The Principle of Clarity states that some things are clear to reason. To demonstrate the principle, consider the contradiction – nothing is clear. If nothing is clear, then no distinction is clear. The distinctions between a and non-a, being and non-Being, God and non-God, Good and non-good are not clear. If we cannot make distinctions then thought and talk becomes impossible, and we lose significant speech. This is the heart of nihilism – no meaning. But thought and talk are possible, meaningful distinctions are made; thus some things are clear.

By reason is meant the laws of thought. It is self-evident that we think, and it is self-evident that there are laws of thought. Reason in itself is the laws of thought. These laws include Identity: a is a; Non-contradiction: not both a and non-a; and Excluded middle: either a or non-a.  We use reason to form concepts, judgments, and arguments. We use it to test for meaning. We use it to interpret all of our experiences. And we use it to construct a coherent world and life view.

Reason is a part of human nature and is universal among all humans. It is ontological – the laws of thought are the laws of being – and this is why we can know that there are no square circles, no uncaused events, and no being from non-being. Reason is transcendental – it is self-attesting, cannot be questioned, but makes questioning possible. As such, it is the highest authority and our shared authority. And finally, reason is fundamental – it is basic to our emotions and will. When we use reason at the basic level, we find meaning, when we deny reason at the basic level we experience the misery of meaninglessness.

The Principle of Clarity affirms that the basic things are clear. If the more basic things are not clear, then the less basic things cannot be clear. The Principle affirms that the basic things are foundational philosophical truths about God and human nature and what is good and evil for human beings. The Principle affirms that the following are clear:

  1. Either God exists or God does not exist (a or non-a).
  2. That something is eternal,
  3. that matter exists,
  4. and that matter is not eternal,
  5. that the human soul exists,
  6. and the human soul is not eternal.
  7. Therefore, it is clear that some other spirit is eternal. This eternal spirit is God the Creator. God is eternal, and all else is created and temporal.
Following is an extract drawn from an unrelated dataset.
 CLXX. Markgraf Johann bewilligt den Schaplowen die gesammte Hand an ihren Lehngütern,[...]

Human nature is created by God in the image of God. The good for human beings is based on human nature as created by God. Human beings are fundamentally rational. It is good for humans to use reason to the fullest. Reason used to the fullest brings knowledge of the nature of reality, it brings the knowledge of God through the things that are made.
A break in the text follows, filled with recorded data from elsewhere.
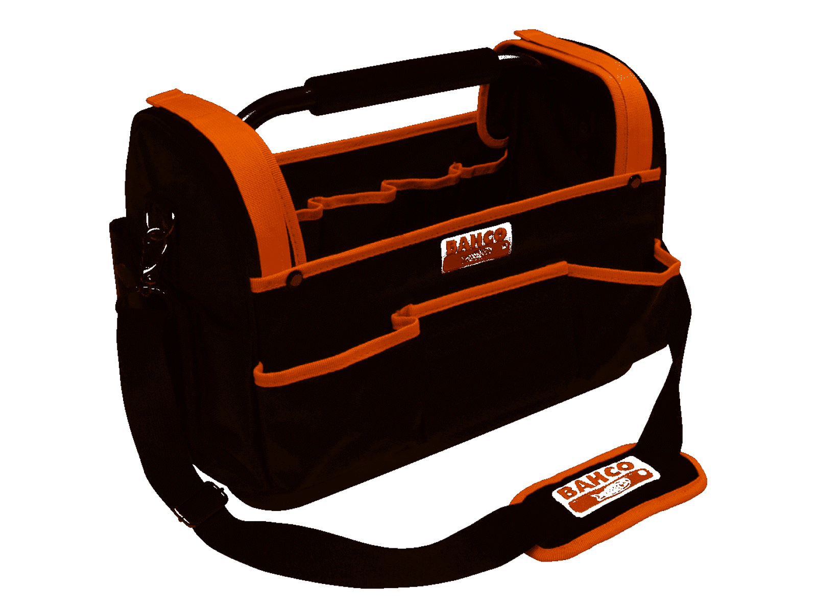 Åben værktøjskasse med let adgang. 10 interne og 11 eksterne opbevaringsrum. Vandtæt bund. Komfortabel bærestrop.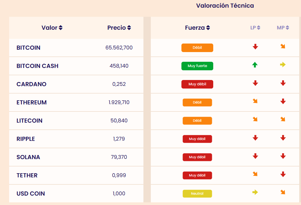 Pero esto no ha sido en un día, podemos ver cómo los indicadores de fuerza y tendencia de las principales criptomonedas. Desde luego apenas se debería tener Bitcoin Cash, el resto están todas débiles y muy débiles, pero desde hace mucho tiempo que están así.
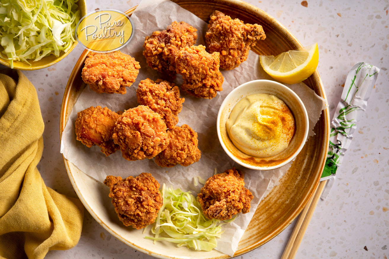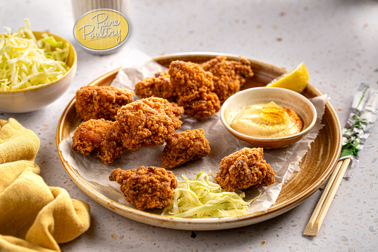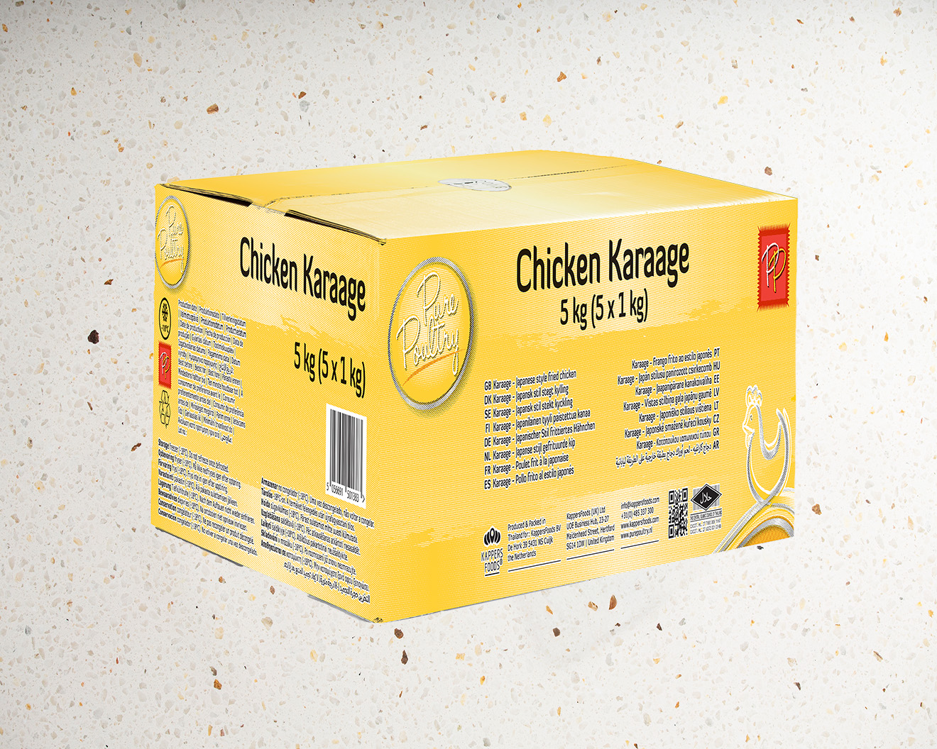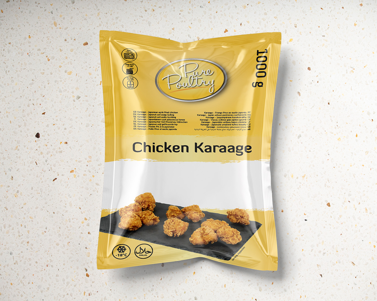 Chicken leg meat (60%), wheat flour, starch, fully refined soybean oil, soy sauce (soybean, wheat, salt), modified starch, ginger, starch, garlic, salt, raising agent (E500), white pepper, acidity regulator (E331, E500), thickener (E412), dextrose.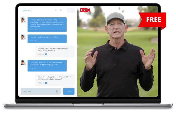 Ask Tiger Woods’ former coach Hank Haney any question LIVE and get immediate feedback designed to help fix your slice even faster. If you miss the live stream, you’ll have access to the replay for life.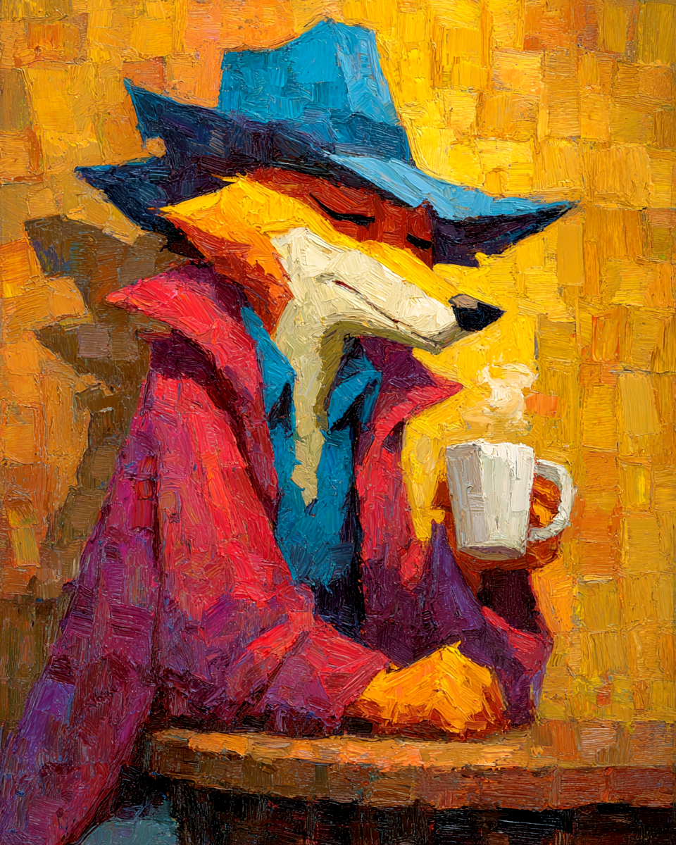 Red Fox with Morning Coffee Anthropomorphic Home Decor Wall Art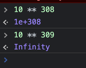 특정 부동소수점을 지날 때 정확한 숫자로 표현이 되지않는다는 점은 알았지만, 10의 309 승이 되었을 때 Infinity 가 된다는 것은 이번 기회에 알 수 있게 되었다.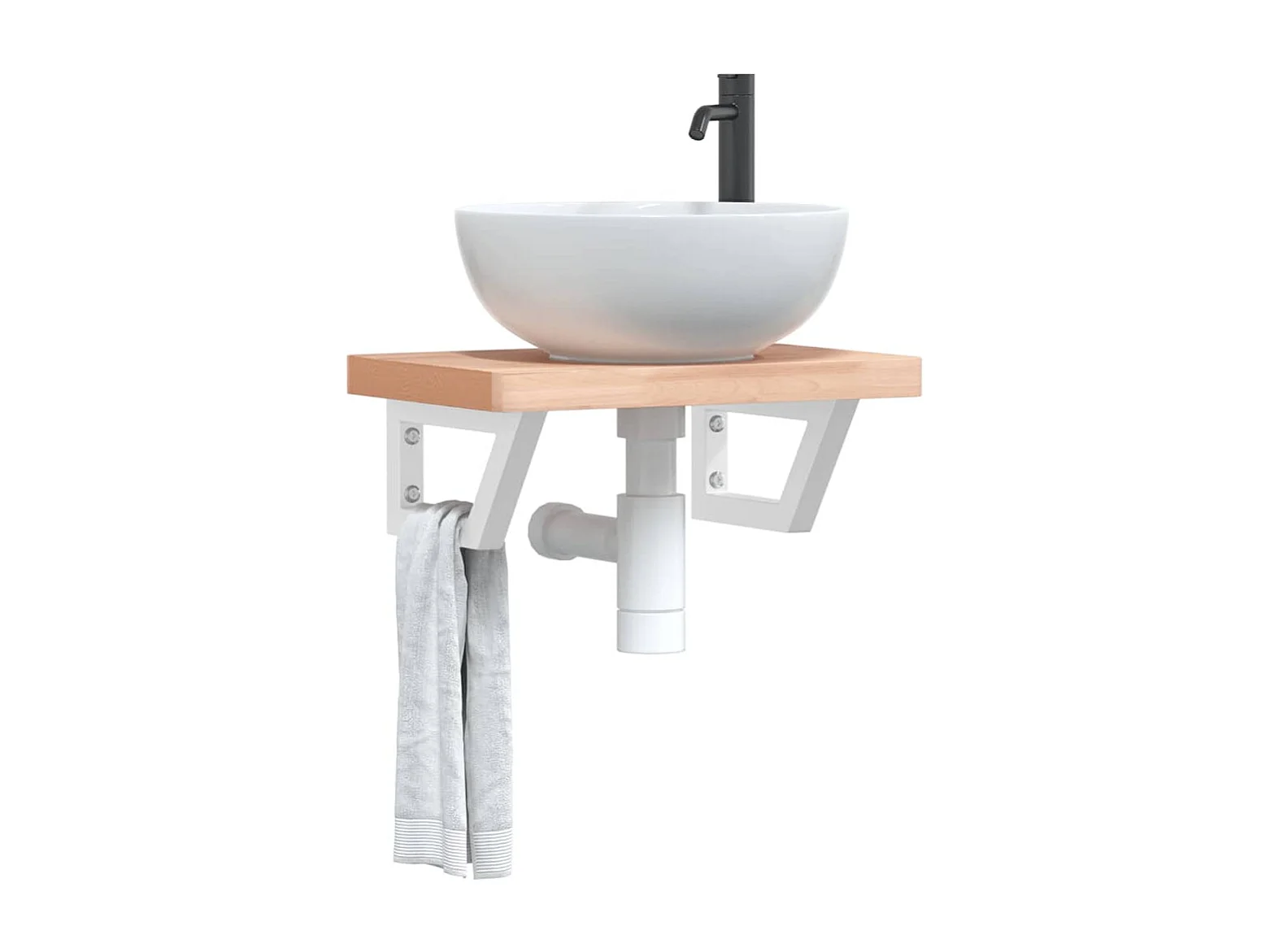 Ripiano a Parete per Lavabo in Acciaio e Massello di Faggio

Evil for humans is what is contrary to human nature. It is to neglect, avoid, resist, and deny what is clear to reason about God. Moral evil is the failure to see what is clear. Moral culpability is on the basis of what is clear and easily knowable about God and man, and good and evil. Use of reason to see what is clear brings meaning, knowledge, understanding, and wisdom. Neglecting, avoiding, resisting and denial of reason leads to less and less meaning, skepticism and fideism, nihilism, foolishness, and stupor.

Objections to the Principle of Clarity may include any of the following alternatives: denial of the laws of thought; denial that the basic things are clear; denial that something must be eternal; denial that God’s existence is clear; denial that human nature is clear; denial that the good for human beings is clear; denial that moral culpability is based on clarity; denial that the consequences of moral evil are inherent.
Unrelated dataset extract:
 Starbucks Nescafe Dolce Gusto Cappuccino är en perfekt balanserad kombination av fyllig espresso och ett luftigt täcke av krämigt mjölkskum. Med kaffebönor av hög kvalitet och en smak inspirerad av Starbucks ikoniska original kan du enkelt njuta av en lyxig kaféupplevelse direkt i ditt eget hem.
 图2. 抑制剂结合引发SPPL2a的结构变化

Those who raise objections to the Principle of Clarity assume the laws of thought, which are the most basic and are most clear. To deny the Principle of Clarity is to assume clarity. If one denies the Principle of Clarity, that person should live consistently with the implications of denying clarity. They should give up significant speech and the expectation that they will be heard. To give up the Principle of Clarity is to give up on the possibility of conversation. We ought to hold one another capable of and responsible to the Principle of Clarity. To do so is to affirm human dignity. We are rational human beings, if we were acting rationally, we would affirm that some things are clear.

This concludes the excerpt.